Нагнибеда подходит к улыбающемуся Александру Иосифовичу, что-то говорит ему на ухо, а потом громко добавляет: «…все закладные квитанции, как одну, предъявили к оплате».

Александр Иосифович побледнел и ничего не ответил. Маруся и Нагнибеда пошли за тележкой с чемоданами, а он, как стоял, так и не двинулся с места. Они оглянулись на него, а он все стоял, не шевелясь. На него нашел столбняк — так это называлось. Он понял: конец всему, что было создано; полное разорение, семья — на улице.

Харьковский банк, выдавший кредит, лопнул. Крупные вкладчики, потерявшие деньги, получили право компенсировать убытки за счет должников банка. Березовский взял кредит под залог всего своего движимого и недвижимого имущества. Магазин, жилье, усадьба — все теперь переходило в руки более удачливых или расчетливых друзей-преферансистов, приятелей-партнеров, не обязанных входить в положение должника. Деньги есть деньги. Так было, так будет.

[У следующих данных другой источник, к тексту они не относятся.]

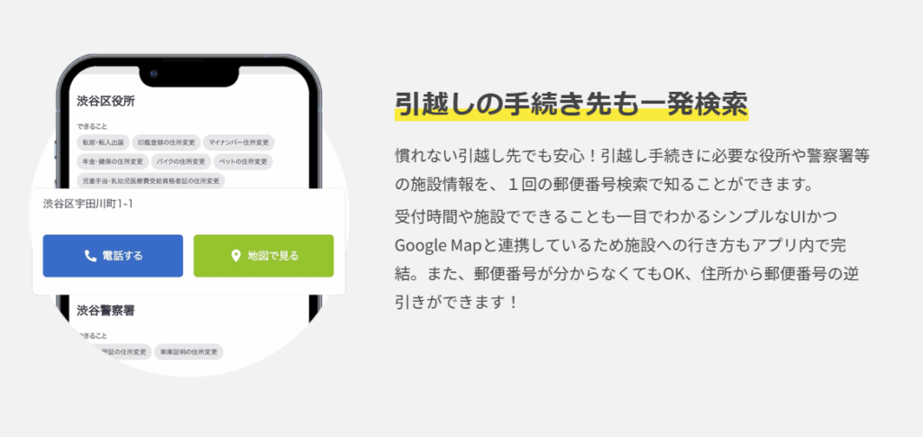 役所や手続き先を自動で検索・案内

В ворохе старых фотографий мое внимание привлекла неизвестно как попавшая сюда почтовая открытка на плотной бумаге. С одной стороны напечатано: «Всемирный почтовый союз. Россия. Открытое письмо». С другой стороны — репродукция известной картины В. Маковского «Крах банка». Изображена толпа людей в «Отделении по вкладам». Отчаявшиеся лица — гневные, печальные; поникшие головы. Кого тут только нет: старики, старухи, чиновники, купцы, студенты — и две монументальные фигуры городовых с саблями на боку. Вот так век назад рушились «пирамиды» и лопались банки. Но почему эта репродукция затесалась в семейные фотоальбомы? В качестве своего рода утешения? Или как грустное воспоминание? Так или иначе, но она — своеобразное свидетельство своего времени, своих трагедий.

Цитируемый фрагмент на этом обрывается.